:: Task inputs ::
==========

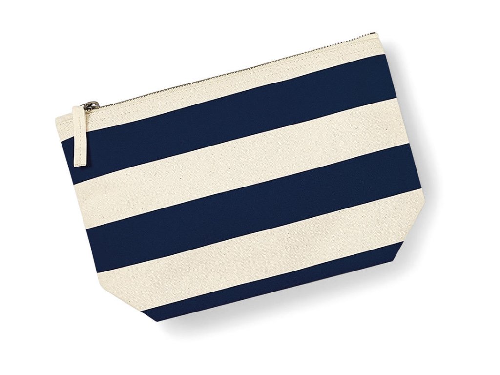 Praktická taštička na doplňky Nautical z velmi odolného materiálu. Díky pruhovanému vzoru je ideální pro zabalení doplňků a kosmetiky do letních dnů. Dostupná ve třech barevných variantách.
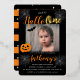 Ces véritables invitations à photographier pressées en papier d'aluminium sont parfaites pour tous ceux qui fêtent leur premier anniversaire cet Halloween. Le design comprend le libellé "Happy Hallo-one" dans une combinaison de feuille d'or, orange, noir et blanc avec des toiles d'araignées, une lanterne citrouille jack-o' et une chauve-souris volant éffrayante avec un espace pour une photo de votre choix et facile à personnaliser le libellé modèle... Super tendance et très effrayant !
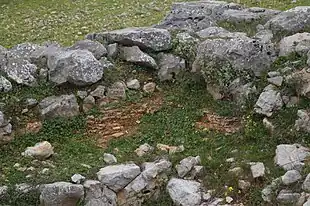 Au sud de l'entrée, un bassin profond, alimenté par une conduite d'eau, s'écoulait vers le sud-ouest sur le sol en ciment qui s'inclinait à l'ouest en un creux peu profond. De là, l'eau était dirigée vers l'extérieur à travers le mur sud. Dans la zone est, au sud de l'entrée, se trouvait un puits. Les parties inférieures de pithoi (jarres) ont été trouvées dans la zone ouest. On n'a trouvé aucune autre sépulture qu'une tombe récente contenant un fer à cheval de facture moderne[4].
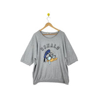 TAG BRAND :- Mickey SIZE ON TAG :- xl ACTUAL SIZE MEASUREMENT :- baggy ARM PIT TO ARM PIT :- 26" Inches BACK COLLAR TO HEM :- 27" Inches CONDITION :-Good Vintage Condition/Refer Picture COLOUR:- grey MATERIAL : Cotton b159
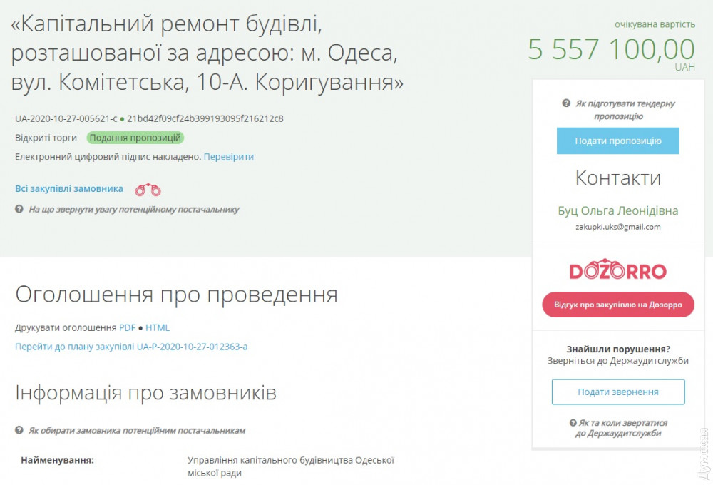 Управление капитального строительства Одесской мэрии сразу же после первого тура местных выборов объявило новый тендер (коригирование) на проведение капремонта своего здания, расположенного по адресу Комитетская улица, 10.
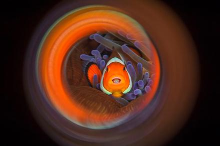 Parmi notre sélection de photos, vous découvrirez notamment le premier prix de la catégorie macro "Prey?" réalisée par So Yat Wai aux Philippines, trois petits poissons clows curieux devenus premier prix de la catégorie comportement avec la photographie "Your home and my home" de Qing Lin ou encore la sublime photo de Nick Blake prise au Mexique dans un superbe cénote, une grotte sous-marine. Les rayons du soleil qui traverse l'eau donne à la photographie à un effet irréel. Ce n'est pas pour rien que "Out of the blue" obtient le prix du photographe sous-marin anglais de l'année ! Et enfin, le must du must, la photographie qui a épaté tout le jury : "Dancing Octopus" réalisée par le Français Gabriel Barathieu, qui a reçu le prix de photographe de l'année. Cet incroyable cliché a été réalisé dans les fonds sous-marins de Mayotte.
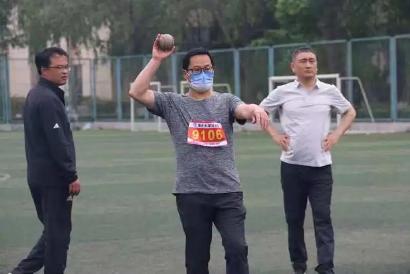 胡大鹏老师正在进行垒球掷准比赛

==========

:: What you are asked to do ::
Everything from the line containing "TAG BRAND :- Mickey" through the last line of the listing above must be output exactly, except the pictures.

:: Completed exercise ::
 TAG BRAND :- Mickey SIZE ON TAG :- xl ACTUAL SIZE MEASUREMENT :- baggy ARM PIT TO ARM PIT :- 26" Inches BACK COLLAR TO HEM :- 27" Inches CONDITION :-Good Vintage Condition/Refer Picture COLOUR:- grey MATERIAL : Cotton b159
 Управление капитального строительства Одесской мэрии сразу же после первого тура местных выборов объявило новый тендер (коригирование) на проведение капремонта своего здания, расположенного по адресу Комитетская улица, 10.
 Parmi notre sélection de photos, vous découvrirez notamment le premier prix de la catégorie macro "Prey?" réalisée par So Yat Wai aux Philippines, trois petits poissons clows curieux devenus premier prix de la catégorie comportement avec la photographie "Your home and my home" de Qing Lin ou encore la sublime photo de Nick Blake prise au Mexique dans un superbe cénote, une grotte sous-marine. Les rayons du soleil qui traverse l'eau donne à la photographie à un effet irréel. Ce n'est pas pour rien que "Out of the blue" obtient le prix du photographe sous-marin anglais de l'année ! Et enfin, le must du must, la photographie qui a épaté tout le jury : "Dancing Octopus" réalisée par le Français Gabriel Barathieu, qui a reçu le prix de photographe de l'année. Cet incroyable cliché a été réalisé dans les fonds sous-marins de Mayotte.
 胡大鹏老师正在进行垒球掷准比赛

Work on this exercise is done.